That night I walked to Bob’s Frolic Room on Hollywood Boulevard to get wasted. On top of the heroin, the whiskey and sodas I ordered started to get me very drunk indeed. The barmaid knew me, and always made them seventy percent Makers Mark with just a splash of soda. I drank three quickly, and asked her to line up another. The bar was half empty. A couple of older Hollywood alcoholics sat nursing wine and beer, grey, spectral, broken-toothed, and huddled over the bar in the darkest corners they could find. Nobody talked tonight. The jukebox played Television’s
Marquee Moon
.

A drink later she walked in. A young black girl, high on ecstasy … she danced across the room to Blondie’s “Rip Her to Shreds,” came over to me and leaned over my section of the bar, taking a long drink from my whiskey and soda. She was pretty with a wide mouth and a grin that exposed pink gums and gleaming white teeth. The symmetry of her face was ruined—just enough—by a scar which ran under her left eye. I called the bargirl over and ordered another Makers Mark and soda. I slid it over to the scarred girl and she accepted it, still without a word.

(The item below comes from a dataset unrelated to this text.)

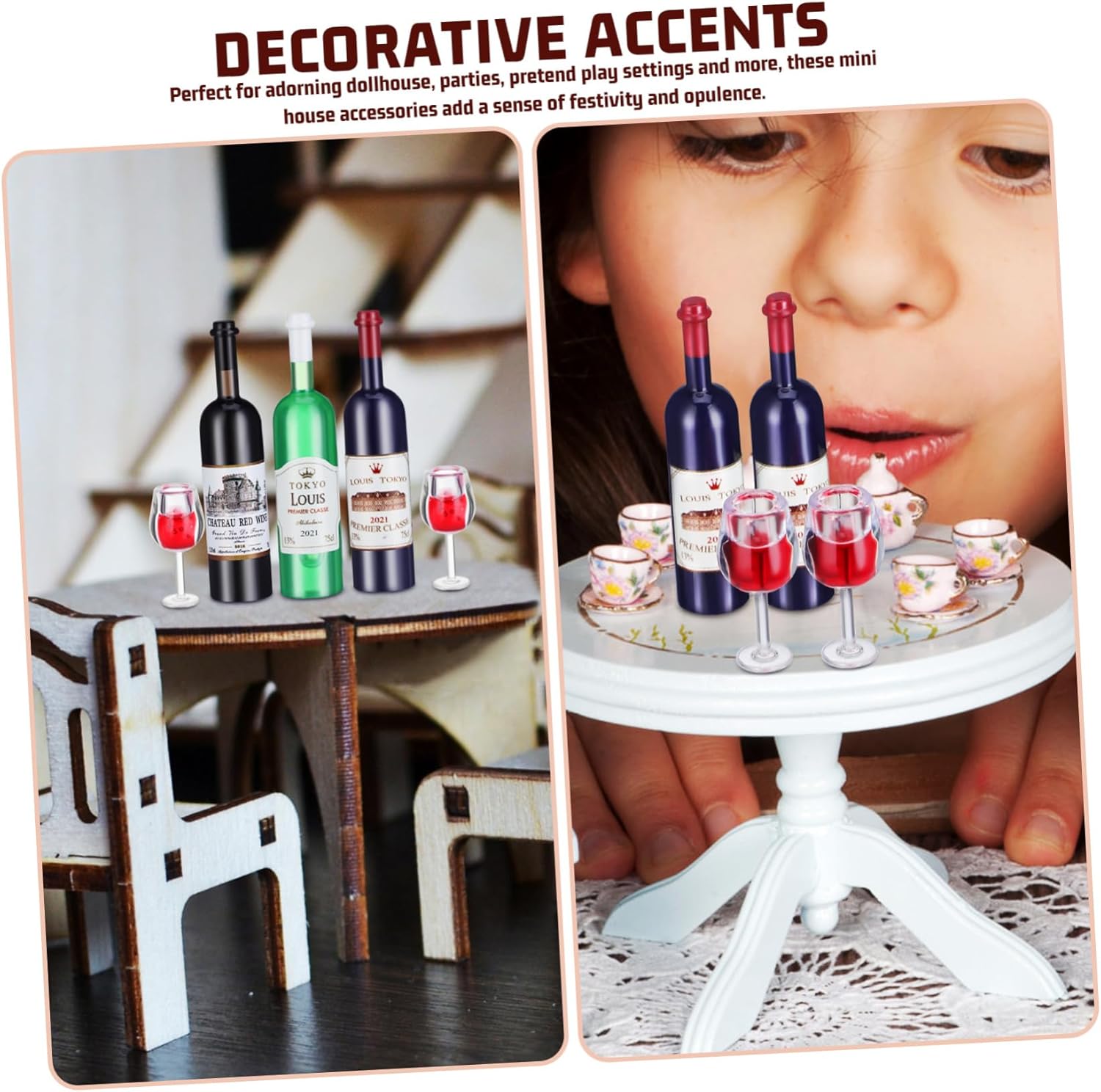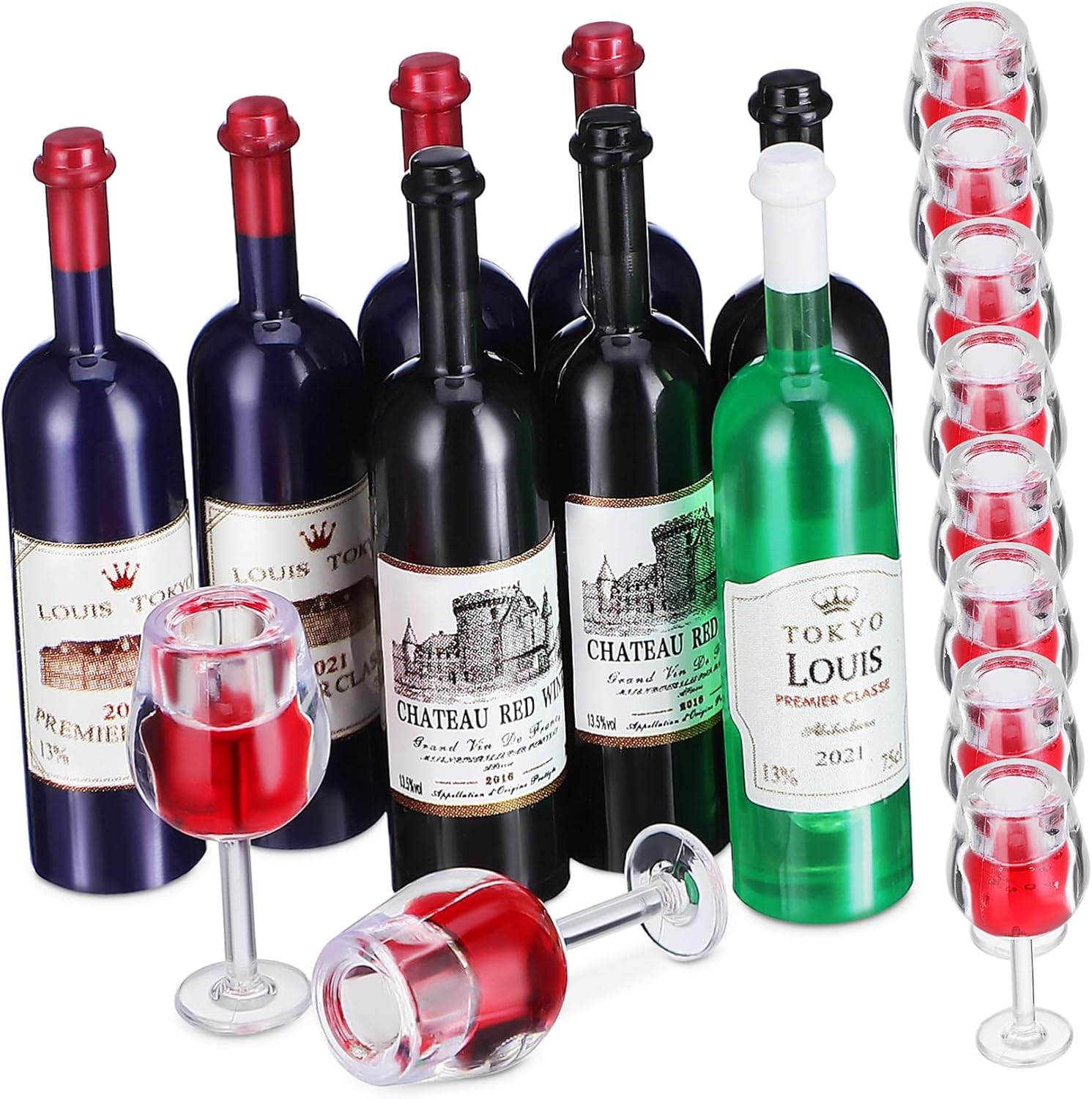 Decorazioni per le case delle bambole: dettagli realistici: la replica meticolosa assicura che queste mini bottiglie di vino e bicchieri sembrino una versione in miniatura della cosa reale, migliorando l'autenticità delle scene della tua casa delle bambole e degli accessori della casa delle bambole. Versatori-- pezzi decorativi: ideali per le sale da pranzo delle case delle bambole, i bar, le celebrazioni o come di una collezione, queste miniature aggiungono un tocco di festività e a qualsiasi , mini bevanda alla birra. Tappatore di bottiglia-- e sicuro: realizzati in plastica, questi accessori per casa delle bambole sono durevoli e sicuri per l'uso nelle case delle bambole per bambini, senza il rischio di rottura, accessori in miniatura per casa delle bambole. Bottiglia-- ridotta: adattandosi armoniosamente ai diversi paesaggi delle case delle bambole, queste bottiglie di vino in miniatura e miniature di migliorano gli arredi attuali, le miniature delle case delle bambole. Capsule di gas-- accenti decorativi: per adornare la casa delle bambole, le feste, le ambientazioni di gioco finte e altro ancora, questi mini accessori per la casa aggiungono un senso di festività e opulenza, modello di piccole bottiglie.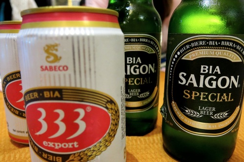 先ずは~333ビール&サイゴンビールで乾杯~~勿論、グラスに氷が入って提供されます

Later, back at the apartment, I screwed her on the bed I’d once shared with Christiane, doubled over with her ass in the air. It was a hard, drunken fuck. We hung out in the house for a little, drinking malt liquor and passing a joint back and forth. She asked me about Christiane, whose picture was on the living room wall, but I didn’t want to talk about it. We fucked again on the floor. At four a.m. she left and I started packing my things. I smoked more heroin, amazed by the sense of physical and mental peace it was granting me, before sleeping on my old pillow for the last time. The next day I left. It was 2 weeks before my 21
st
birthday. The next time I saw Christiane was 6 months later to sign our dissolution of marriage papers.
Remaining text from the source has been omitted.